Anchorage Assembly to vote on fire-damaged lot transfer to housing authority
A fire-damaged lot on Teshlar Drive is set to be sold to Cook Inlet Housing Authority for $10,500, below fair market value, so the nonprofit can demolish the existing structure and build a single-family home for a low-income family through its Tribal Homeownership Program. The Anchorage Assembly is scheduled to vote on the transfer July 7.
The ordinance authorizes the municipality to forgo fair-market proceeds in exchange for demolition, redevelopment, and an income-targeted home. The municipality expects to collect roughly $10,000 from the disposal and says returning the 8,250-square-foot, R-1-zoned parcel at 6721 Teshlar Drive to active use would place it back on the tax rolls. The parcel was determined to be excess to municipal need before being listed for sale.

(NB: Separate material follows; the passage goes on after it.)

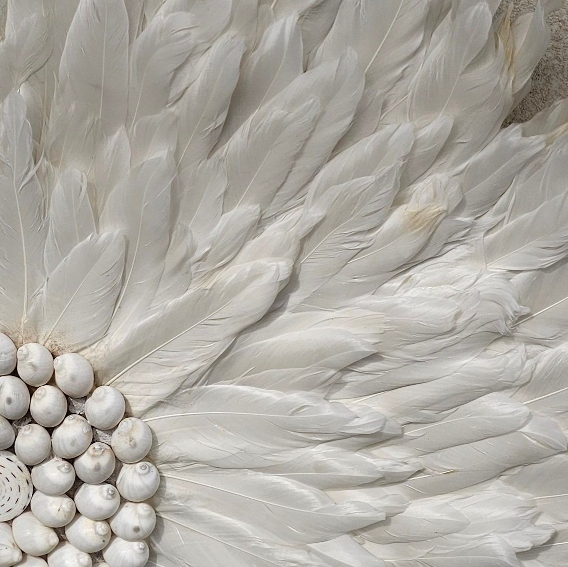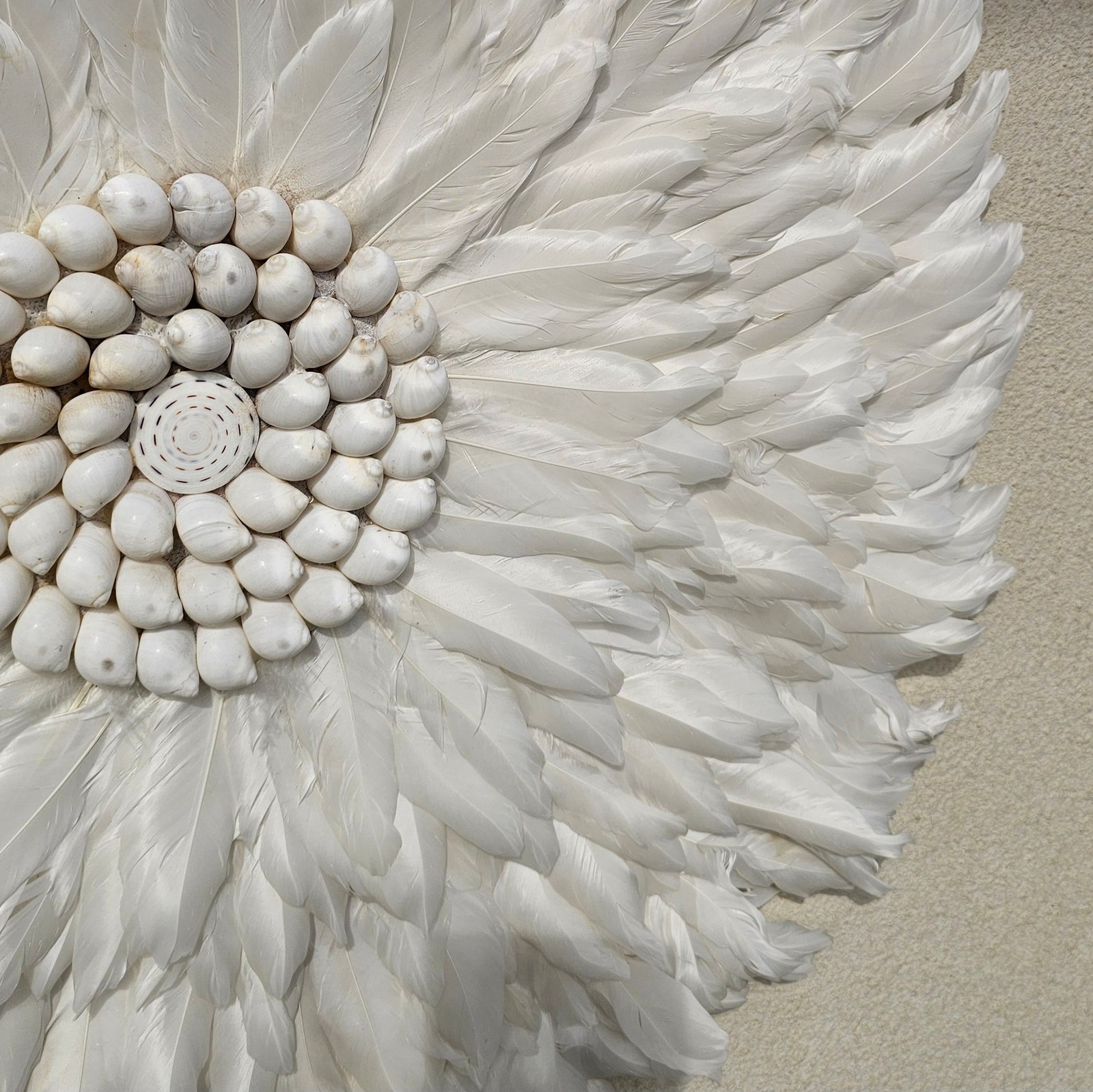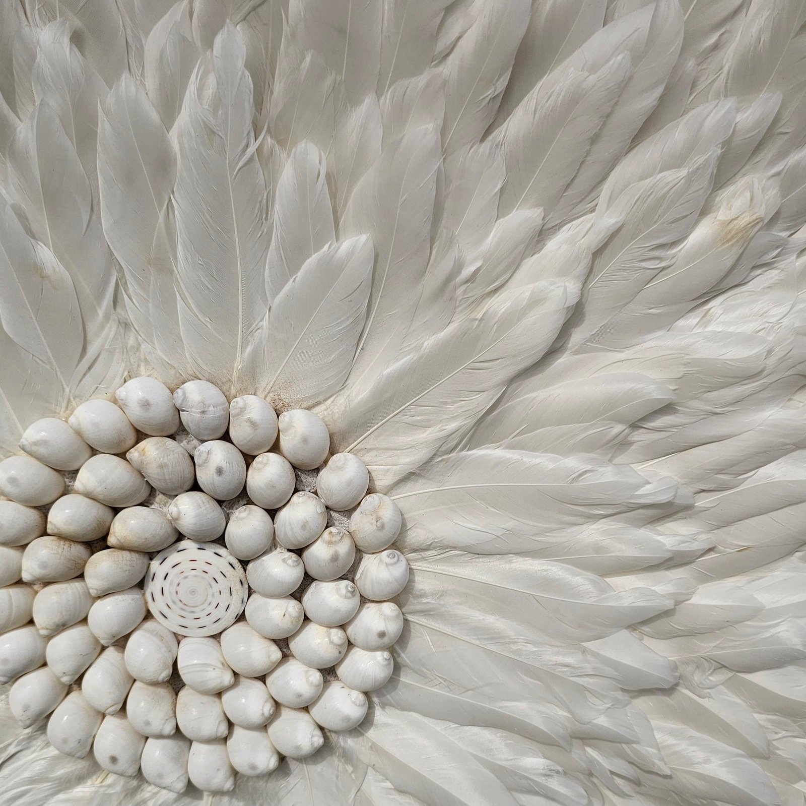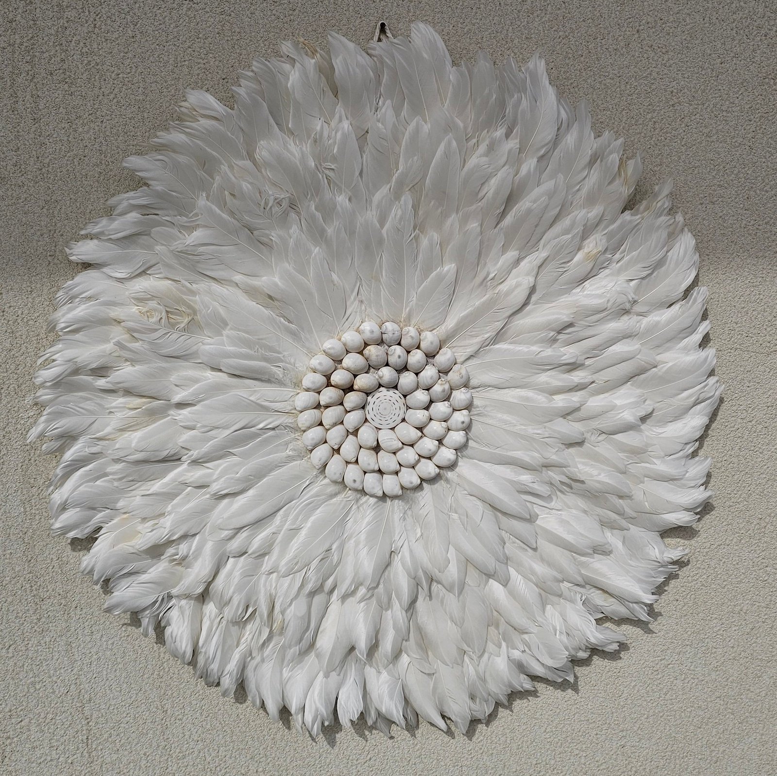 A timeless piece that embodies understated luxury. The soft white feathers reflect light beautifully, creating an airy and serene ambiance, while the shell center adds an earthy, artisanal touch.

The house on the parcel was severely damaged by fire in 2024. The previous owner, Lakeview Loan Servicing, missed a June 20, 2025, deadline to apply for a repair or demolition permit. After fines and civil penalties were recorded, Lakeview donated the property to the municipality rather than pay them. The municipality ran a competitive sealed-bid process with a $5,000 minimum that closed June 2 with no compliant offers. Cook Inlet Housing Authority submitted a bid by the due date proposing a single-family home instead of the required multi-unit plan. A subsequent well inspection found the site could support only three bedrooms, effectively ruling out multi-unit development. Given those well limitations, the municipality determined the $10,500 bid was in its best interest.
If the Assembly approves the ordinance, Cook Inlet Housing Authority must demolish the structure within 120 days of deed recordation and complete a single-family home within five years, evidenced by a Certificate of Occupancy. If either deadline is missed, the property reverts to the municipality and is placed back into general real estate inventory. The ordinance would take effect immediately upon passage.
The transfer fits a broader 2026 push to add housing across the city. The ordinance states that "Redevelopment of this parcel will support the Mayor's Housing Strategy '10,000 Homes in Ten Years' and remove a blighted property from the neighborhood," a rationale submitted by Mayor Suzanne M. LaFrance. The Assembly has also considered a missing middle housing overlay and first-time homebuyer tax incentives this year. Some Anchorage residents and housing advocates have raised transparency and fairness concerns about direct conveyances to nonprofits after failed competitive bids. This disposal illustrates that tension: the sealed-bid process produced no compliant offers, and the municipality subsequently accepted Cook Inlet Housing Authority's noncompliant bid after the well-capacity finding changed the feasible development scope.